About that Henry Ford Hospital study…

A recent study of the effectiveness of Covid-19 treatments by researchers at the Henry Ford Hospital and Wayne State University (https://www.ijidonline.com/action/showPdf?pii=S1201-9712%2820%2930534-8) has received lots of attention and, in my opinion, at least partially unwarranted criticism. Representative examples of criticism include a story by STAT news ( A flawed Covid-19 study gets the White House’s attention–and the FDA may pay the price ) and recent comments by Dr. Anthony Fauci, director of the National Institute of Allergy and Infectious Diseases in Fauci: Henry Ford Health’s hydroxychloroquine study ‘flawed’.

Criticism of the paper is focussed on the need for carefully designed randomized clinical trials (RCT) to assess the effect of a treatment. Of course RCT is an essential, well-known and well-understood mathematical technique and should be the primary method of treatment assessment. But carefully conducted, matched retrospective analyses are important too.

Unfortunately, the first set of results in the paper (Tables 1 and 2 and Figure 1) present comparison statistics on the raw data. These comparisons are weak and inferences from them not easy to make. Figure 1, for instance, illustrates survival curves comparing unmedicated and HCQ- and AZM-medicated subjects. But because these data are unmatched, and most of the HCQ-medicated patients also received steroid treatment, we can’t really tell from this picture if the differences in the curves are due to HCQ or to steroid therapy. This is one of Dr. Fauci’s main criticisms.

I worry that the recent kerfuffle about this paper unfairly diminishes the importance of carefully designed retrospective cohort studies that use matching methods to help make inferences about data. The STAT News piece acknowledges the utility of retrospective analyses but also pointedly states that, “Again and again (retrospective studies) have been wrong.” Careful though–one can find cases of treatments approved using evidence from clinical trials that were later found harmful largely through retrospective analysis. Matching methods can provide important, large-scale, confirmation of treatment effectiveness in the real-world, and can also catch pathological edge-cases not thought of in the clinical trials. Matching methods applied to retrospective data are powerful and immensely useful mathematical tools.


"The goal of matching is to create a data set that looks closer to one that
would result from a perfectly blocked (and possibly randomized) experiment." -- Gary King

Dr. Fauci’s criticism simply does not apply to the matched comparison shown in Tables 3 and 4 and Figure 2. The matching process in this example controls for steroid therapy between the treatment (given HCQ) and control (not given HCQ) arms. In those results, exactly 84 of 190 total subjects in each arm were given steroid therapy. That is the point of matching! Matched data control for differences between subjects, emulating a blocked design.

Because so many subjects received steroid therapy in this study, it was hard for the matching process to find lots of subjects not given steroids. This is part of the reason for the large reduction in study size, from over 2500 total subjects to less than 400 in the matched study. But in this case the reduction in study size allows us to draw a much better-informed inference about treatment effect independently of steroid therapy.

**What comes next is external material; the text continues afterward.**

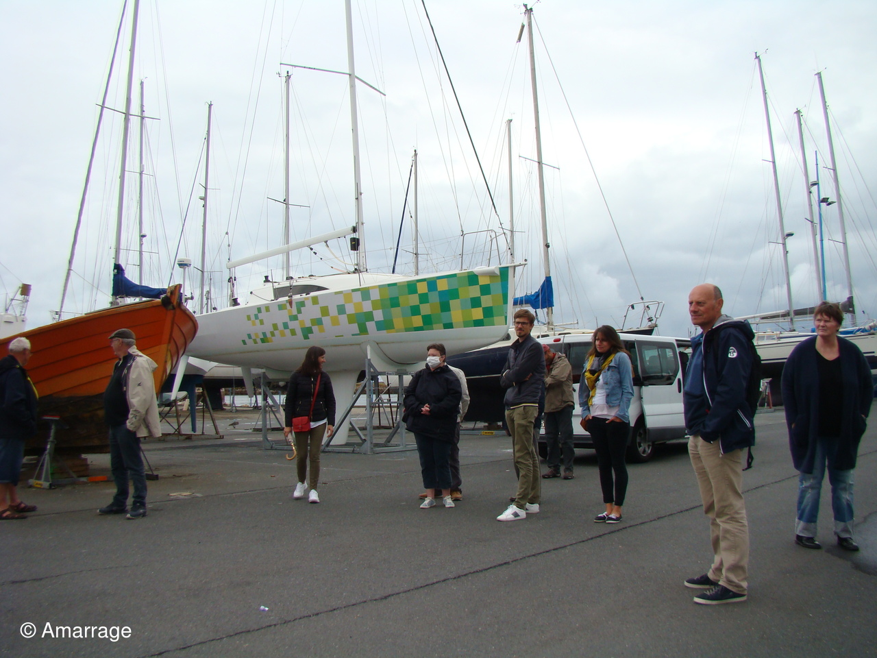 Le grutage a été un peu retardé. La pluie du matin s'était arrêtée. Beaucoup de monde était présent pour cette mise à l'eau qui s'est fort bien passée. La NEREÏDES à rejoint son point d'ammarrage au quai de l'Epi.

To be sure, there are three areas the paper could improve on. In particular:

  1. As already mentioned, the comparison statistics in the first set of analyses in Tables 1, 2 and Figure 1 are misleading because they were run on un-matched data. They probably should not be stated at all, or perhaps in an appendix.
  2. The matching method is 1:1 propensity-score based, but little else is described. A more thorough description of the precise matching methodology should be stated. It’s possible that more modern methods could be applied, like coarsened-exact matching or genetic algorithm matching.
  3. Data were matched on dichotomous variables, illustrated in Table 3. That might be fine. Even so, the output of the matched data should show more descriptive statistics on each arm for underlying continuous variables. For example consider subject age, a continuous variable that is known to be important in the outcome of this disease. The matching criterion was Age >= 65 years (yes or no). The output of the matching process should show us at least the mean and median age from each arm. Instead, we only get the count of subjects in each arm meeting the Age >= 65 cutoff. Without more descriptive statistics shown for the matched data, we don’t have good sense of how well-balanced the matching output really is.

I strongly believe that, rather than dismiss this paper as “flawed” we should appreciate the interesting result shown in Figure 2, understanding that it represents only 190 HCQ-treated subjects. And then we should discuss ways to expand the idea of carefully matched, retrospective analysis to much larger sets of data!